Reevaluation, using intact cells, of the exclusion limit and role of porin OprF in Pseudomonas aeruginosa outer membrane permeability.

Earlier studies that used model membrane reconstitution methods have come to different conclusions regarding the exclusion limit of the outer membrane of Pseudomonas aeruginosa and whether OprF is the major channel-forming protein in the outer membrane. In this study, a 6.2-kbp SalI fragment, encoding only two cytoplasmic enzymes, alpha-galactosidase and sucrose hydrolase, and the inner membrane raffinose permease, was cloned behind the m-toluate-inducible tol promoter of vector pNM185 to create plasmid pFB71. P. aeruginosa strains harboring pFB71, when grown with inducer, produced both enzymes encoded by the insert and had acquired the ability to grow on the disaccharide melibiose and the trisaccharide raffinose.
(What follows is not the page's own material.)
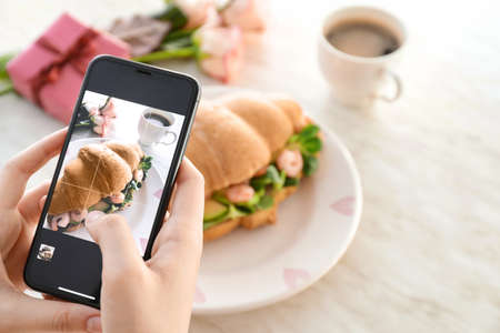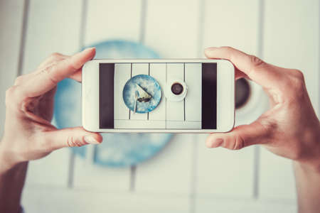Food photography woman hands make photo cake with smartphone / taking photo food for post and share on social networks with camera smart phone in restaurant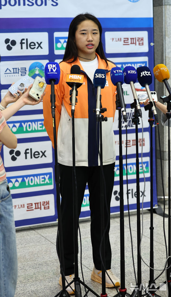 [인천공항=뉴시스] 최진석 기자 = '2025 세계개인배드민턴선수권대회'를 마치고 귀국한 안세영이 2일 오후 인천국제공항 제1터미널에서 인터뷰를 하고 있다.

The rate of growth was dependent on the concentration and size of the saccharide and was decreased three- to fivefold by the absence of OprF, as examined by measuring the growth on melibiose and raffinose of an isogenic OprF-deficient omega insertion derivative, H636(pFB71). At high concentrations, di-, tri-, and tetrasaccharides could pass across the outer membrane to plasmolyze P. aeruginosa, as measured by light scattering and confirmed by electron microscopy. The initial rate kinetics of light-scattering changes were dependent on the size of the saccharide being used. Furthermore, the rates of change in light scattering due to raffinose and stachyose uptake across the outer membrane for strain H636 were fivefold or more lower than for its OprF-sufficient parent H103. These data are consistent with model membrane studies showing that OprF is the most predominant porin for compounds larger than disaccharides in P. aeruginosa and suggest that the exclusion limit for this porin and the outer membrane is greater than the size of a tetrasaccharide. In addition, these data confirmed the existence of other porins with a predominant function in monosaccharide uptake and a more minor function in the uptake of larger saccharides.